Key Contributions and Findings
The new gel, called Magnetic Bone Repair Hydrogels (MBRs), was developed to combine magnetic hyperthermia with starvation therapy, and the use of magnesium carbonate to promote bone regeneration. This approach holds promise for treating osteosarcoma more effectively.
- Magnetic Hyperthermia and Tumor Treatment:
- The MBR gel utilizes Fe3O4 nanoparticles, which heat up when exposed to an alternating magnetic field. This localized heat helps to destroy the tumor cells. However, osteosarcoma cells have developed resistance mechanisms to heat, limiting the effectiveness of hyperthermia. The MBR gel overcomes this issue by releasing GOx upon heating, which induces starvation therapy by depleting glucose in the tumor cells.

Figure 1: Fabrication and characterization of various forms of MBRs.
- Starvation Therapy and Synergy with Hyperthermia:
- Glucose oxidase (GOx) is encapsulated in the MBR gel and releases in response to heat from the Fe3O4 nanoparticles. GOx reduces glucose and ATP levels in the tumor cells, making them more susceptible to heat treatment. This approach helps to reduce the heat shock protein (HSP) levels in the tumor cells, which are typically elevated during hyperthermia and can protect the tumor from heat-induced damage.

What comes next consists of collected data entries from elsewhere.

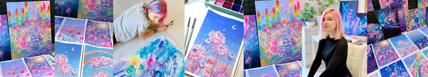 Mistake Ann creates dreamlike surreal worlds that explore emotions, human connection, and cosmic harmony. Her colorful works invite the viewer into a vibrant, otherworldly space filled with love and mystery. She began her artistic journey as a commercial illustrator, occasionally working with watercolors and oils, before fully dedicating herself to her unique surrealist vision.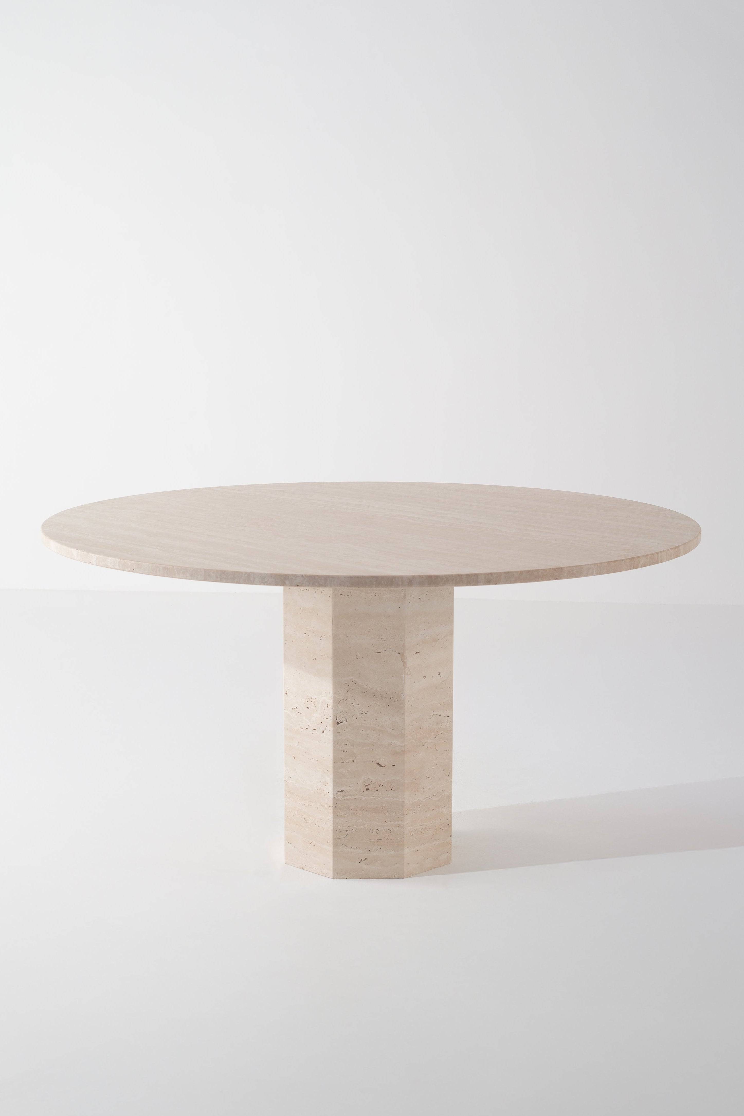 The moment you step into your dining space, your eyes are drawn to the striking hexagonal base, carved from light beige travertine, grounding the room with its sculptural presence. Your fingertips glide across the smooth, warm beige top, tracing the organic veins that make each piece unique. Whether hosting or enjoying a quiet moment, this table transforms your space into an elegant retreat, where timeless design meets natural beauty.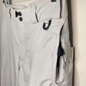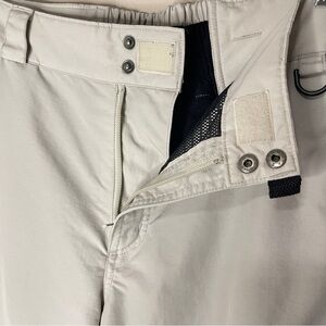 Women’ Beige/Tan snowboarding or ski pant featuring a zipper fly with double snap closure, elastic waistband with belt loops, hip slant pockets and additional zippered leg pockets.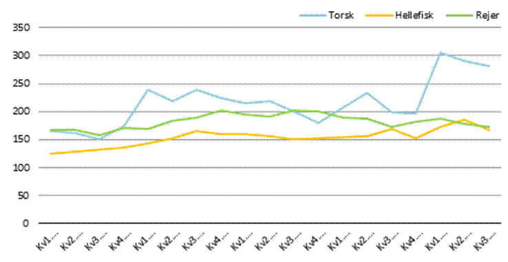Prisindeks for rejer, hellefisk og torsk i 3. kvartal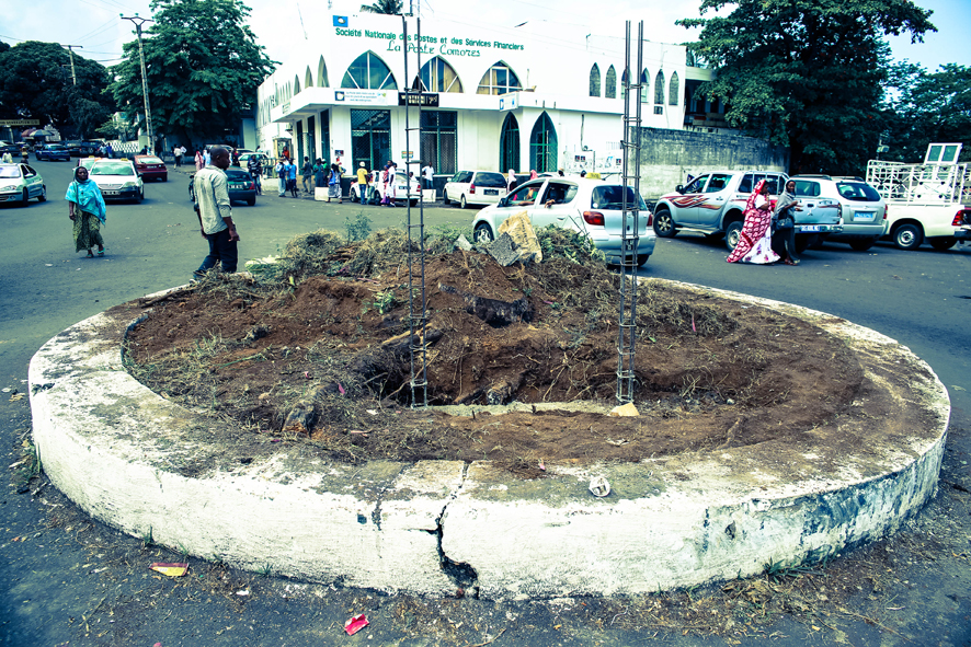 C’était en novembre 2014. Soeuf Elbadawi voulut ériger une stèle sur la Place de France à Moroni, en hommage aux victimes du Visa, avec l’autorisation de la mairie. La gendarmerie nationale, sous la direction du lieutenant-colonel Rafick Abdallah, vint interrompre les travaux sur la place, prétextant des mesures de sécurité routière, pendant que Djouhoud, préfet du Centre et premier flic de la ville, avança des raisons de sécurité nationale pour clore le dossier. L’artiste essaya d’expliquer son geste dans les médias. La nécessité d’honorer la mémoire et le deuil des victimes n’interpella pas grand monde aux Comores. Même le ministère de l’intérieur, qui, sous les ordres de Ousseine Hassan, encouragea à réaliser son projet, à l’époque, se tut.

Figure 2: Mild magnetothermal performance of various forms of MBRs- Fe3O4/ GOx/ MgCO3@PLGA gels in vitro and in vivo.
- Bone Regeneration with Magnesium Carbonate:
- The magnesium carbonate (MgCO3) component of the MBR gel plays a critical role in promoting bone regeneration. The magnesium ions released from the gel enhance osteogenic differentiation, accelerating bone tissue formation and repair. In animal models, the MBR gel has been shown to effectively fill bone defects, such as those in the skull, and promote the healing of bone tissue.
- Preclinical Results in Animal Models:
- In tests conducted on osteosarcoma-bearing mice and rabbits, the MBR gel showed significant therapeutic efficacy. Tumor growth was reduced by up to 95%, and bone regeneration was significantly enhanced. The gel’s ability to stimulate osteoblast differentiation and promote new bone formation was also demonstrated in calvarial defect models in rabbits, showing the potential for healing bone tissue lost to osteosarcoma.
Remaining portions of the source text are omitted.